_Raw data_.
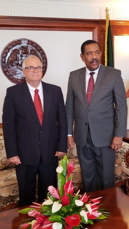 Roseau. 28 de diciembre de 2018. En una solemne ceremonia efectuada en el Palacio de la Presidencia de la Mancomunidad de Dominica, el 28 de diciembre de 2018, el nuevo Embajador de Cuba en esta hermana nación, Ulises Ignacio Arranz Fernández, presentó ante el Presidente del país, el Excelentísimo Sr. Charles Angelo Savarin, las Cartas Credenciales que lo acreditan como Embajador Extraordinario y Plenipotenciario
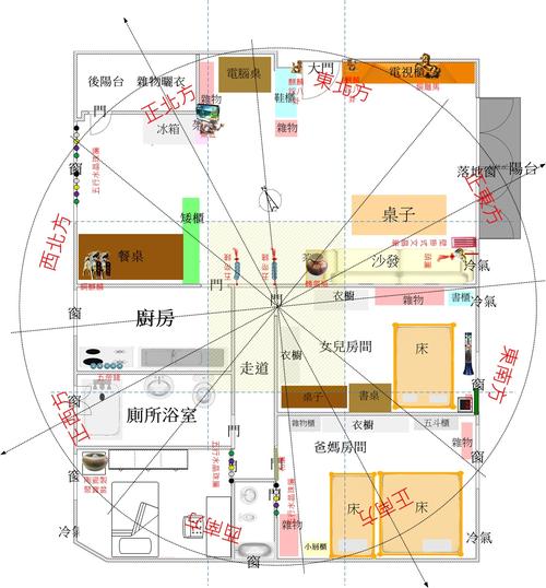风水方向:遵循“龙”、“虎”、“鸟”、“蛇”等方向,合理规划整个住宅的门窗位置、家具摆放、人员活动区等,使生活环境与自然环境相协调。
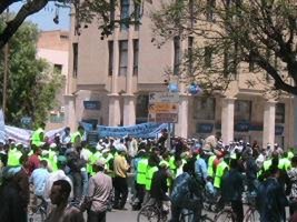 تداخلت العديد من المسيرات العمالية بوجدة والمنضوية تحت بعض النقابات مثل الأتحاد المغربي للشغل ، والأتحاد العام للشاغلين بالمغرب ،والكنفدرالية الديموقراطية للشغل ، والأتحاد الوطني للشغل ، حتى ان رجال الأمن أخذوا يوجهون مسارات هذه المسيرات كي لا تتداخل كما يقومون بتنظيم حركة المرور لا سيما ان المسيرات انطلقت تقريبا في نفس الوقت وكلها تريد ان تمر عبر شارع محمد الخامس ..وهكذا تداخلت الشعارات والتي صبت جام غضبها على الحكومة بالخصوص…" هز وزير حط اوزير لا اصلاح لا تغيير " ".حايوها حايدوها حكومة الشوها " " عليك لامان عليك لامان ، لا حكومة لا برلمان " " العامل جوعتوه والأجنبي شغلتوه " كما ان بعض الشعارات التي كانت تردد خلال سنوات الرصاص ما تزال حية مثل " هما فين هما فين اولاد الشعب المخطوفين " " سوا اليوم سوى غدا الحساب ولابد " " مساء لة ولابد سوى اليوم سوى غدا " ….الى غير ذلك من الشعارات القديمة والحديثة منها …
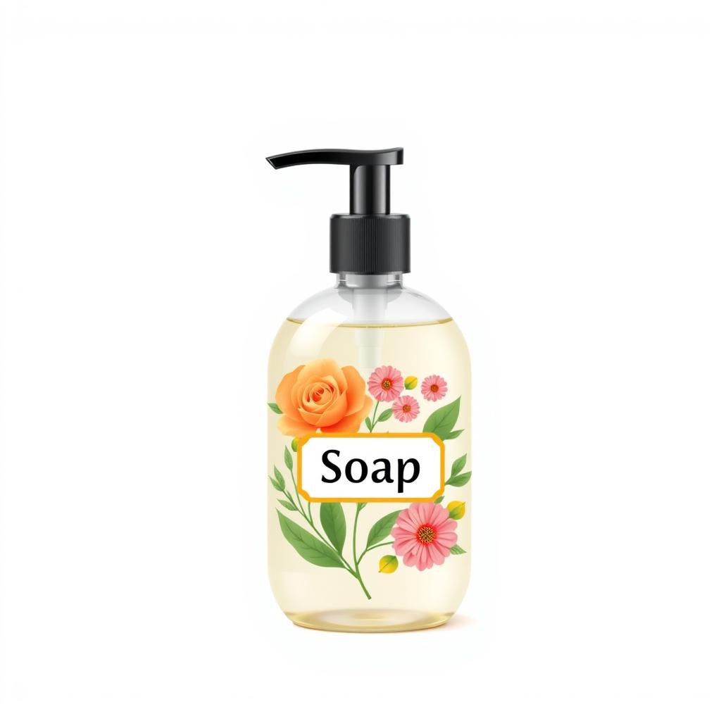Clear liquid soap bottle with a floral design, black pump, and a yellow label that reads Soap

_Instructions for the task_.
Every line from the one with "تداخلت العديد من" through the last line of the data must be copied exactly. Leave the pictures out.

_Reply to the exercise_.
 تداخلت العديد من المسيرات العمالية بوجدة والمنضوية تحت بعض النقابات مثل الأتحاد المغربي للشغل ، والأتحاد العام للشاغلين بالمغرب ،والكنفدرالية الديموقراطية للشغل ، والأتحاد الوطني للشغل ، حتى ان رجال الأمن أخذوا يوجهون مسارات هذه المسيرات كي لا تتداخل كما يقومون بتنظيم حركة المرور لا سيما ان المسيرات انطلقت تقريبا في نفس الوقت وكلها تريد ان تمر عبر شارع محمد الخامس ..وهكذا تداخلت الشعارات والتي صبت جام غضبها على الحكومة بالخصوص…" هز وزير حط اوزير لا اصلاح لا تغيير " ".حايوها حايدوها حكومة الشوها " " عليك لامان عليك لامان ، لا حكومة لا برلمان " " العامل جوعتوه والأجنبي شغلتوه " كما ان بعض الشعارات التي كانت تردد خلال سنوات الرصاص ما تزال حية مثل " هما فين هما فين اولاد الشعب المخطوفين " " سوا اليوم سوى غدا الحساب ولابد " " مساء لة ولابد سوى اليوم سوى غدا " ….الى غير ذلك من الشعارات القديمة والحديثة منها …
Clear liquid soap bottle with a floral design, black pump, and a yellow label that reads Soap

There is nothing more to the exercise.